Simulated dataset range query: For each database with different amounts of data after building the index, this paper performed 1000 random range queries with various range lengths and calculated the average query time to compare the query performance of the index. The experimental results are shown in Figure 13. The vertical coordinate is the logarithmic axis. The results show that the ER-tree index has better range query performance than the other two, for the same reason as the point query.

Simulated dataset circle query: For each database with different amounts of data after building the index, this paper performed 1000 random circle queries with various query radii and calculated the average query time to compare the query performance of the index. The experimental results are shown in Figure 14. The vertical coordinate is the logarithmic axis. The result shows that the ER-tree index has better circle query performance than the other two, for the same reason as the point query.

Real dataset point query: In this paper, we randomly selected a query point on the real dataset for querying and repeated the above operation 1000 times to calculate the average query time. The experimental results are shown in Figure 15. The ER-tree index shows better point query performance on both real datasets, indicating that the index design in this paper is effective.

Real dataset range query: Using the centre point of the real dataset to gradually expand the query range outward, this paper conducted five range query operations on the Chinese and New York datasets, respectively and the last query covered all the data points of the real dataset. For example, the approximate centre point of New York is 75° W, 42.5° N, so the first range is from 74° W, 42° N to 76° W, 43° N and the last range is from 70° W, 40° N to 80° W, 45° N, which is roughly the entire range of New York. The experimental results are shown in Figure 16. The ER-tree index has better range query performance regardless of the range of the real dataset, indicating that the index design in this paper is suitable for both short- and large-range queries.

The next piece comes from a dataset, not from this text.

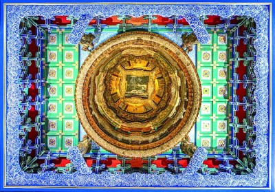 在更细微的层面,藻井还折射出古人对于宇宙的情感。它不是冷峻抽象的几何图式,而是被云龙、莲瓣、海水江崖等纹样填满的“有人情的天空”。盘旋的龙纹,寓意帝王承天受命;舒卷的莲瓣,象征净土与清明;翻涌的水浪,则指向永续不息的生命之流。人们在这样的穹顶之下生活、朝会、祭祀,久而久之,宇宙仿佛成为可以被抬头看见的存在。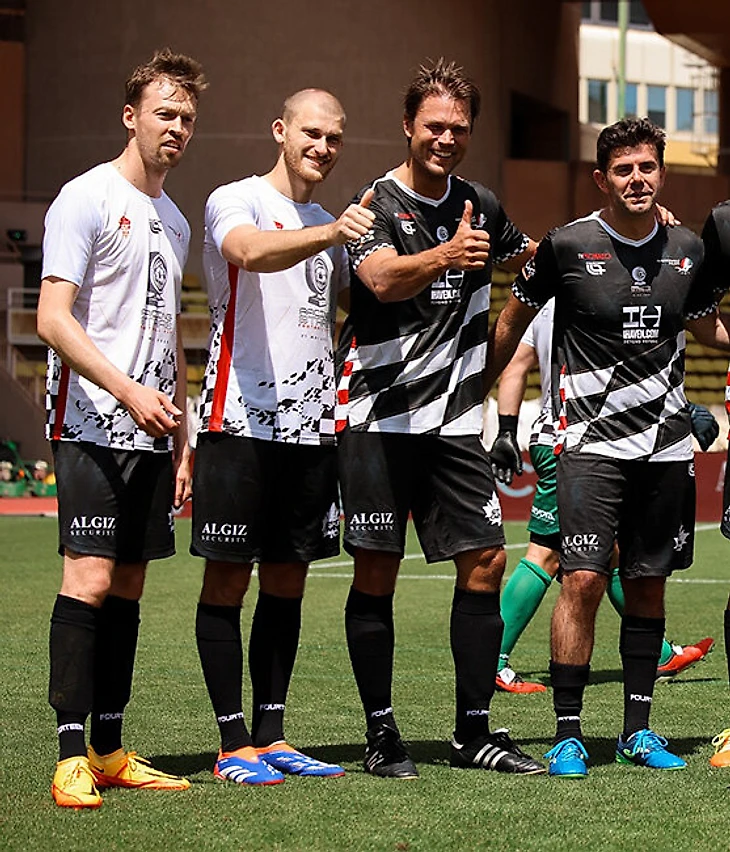 А в тот же день перед показом проводили традиционный футбольный матч между сборной пилотов и сборной звезд Князя Монако – средства от него традиционно направляются в фонд имени Жюля Бьянки на лечение травм головы.

Real dataset circle query: Using the centre point of the real dataset to gradually expand the circle range outward, this paper conducted five circle query operations on the Chinese and New York datasets, respectively, and the last query covered all the data points of the real dataset. The experimental results are shown in Figure 17. Similar to the range queries, the ER-tree indexes have better query performance for both short and large circular ranges. It is worth noting that circular range queries can be used for KNN queries that are common in spatial queries.

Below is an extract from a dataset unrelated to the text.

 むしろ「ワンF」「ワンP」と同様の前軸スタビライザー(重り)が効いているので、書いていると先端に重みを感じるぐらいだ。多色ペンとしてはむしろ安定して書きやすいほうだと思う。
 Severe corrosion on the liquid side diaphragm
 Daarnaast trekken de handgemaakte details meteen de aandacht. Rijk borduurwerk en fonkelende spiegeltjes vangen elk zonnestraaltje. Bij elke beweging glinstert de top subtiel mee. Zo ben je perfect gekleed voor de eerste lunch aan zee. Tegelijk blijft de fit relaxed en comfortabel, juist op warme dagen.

5.2.3. ER-Tree Index Space Performance

For databases with different data volumes after building the index, this paper compared the size of the ER-tree index database file with that of a stand-alone R-tree index database file to study the space performance of the two indexes.

It can be found from the experimental results in Figure 18 that the space performance of the ER-tree index is slightly better than that of the stand-alone R-tree index. This is because the building of the ER-tree index is bottom-up, which is compacted in the storage of tree nodes and there is almost no space to waste. The stand-alone R-tree index is built from the root node to the bottom, inevitably wasting space on the node. Therefore, compared to the two indexes, the space performance of the ER-tree index is slightly better than that of the stand-alone R-tree index.

6. Conclusions

To address the problems of a low query efficiency and the dual queries of stand-alone R-tree index for spatial data on an LSM-tree, this paper designed a new ER-tree index structure based on the orderliness of an LSM-tree and optimised the dual queries into single query to improve the query efficiency of spatial data. The experiments proved that the ER-tree index was improved in the index building and the index query performance compared to the stand-alone R-tree index, and there was almost no degradation in the space performance.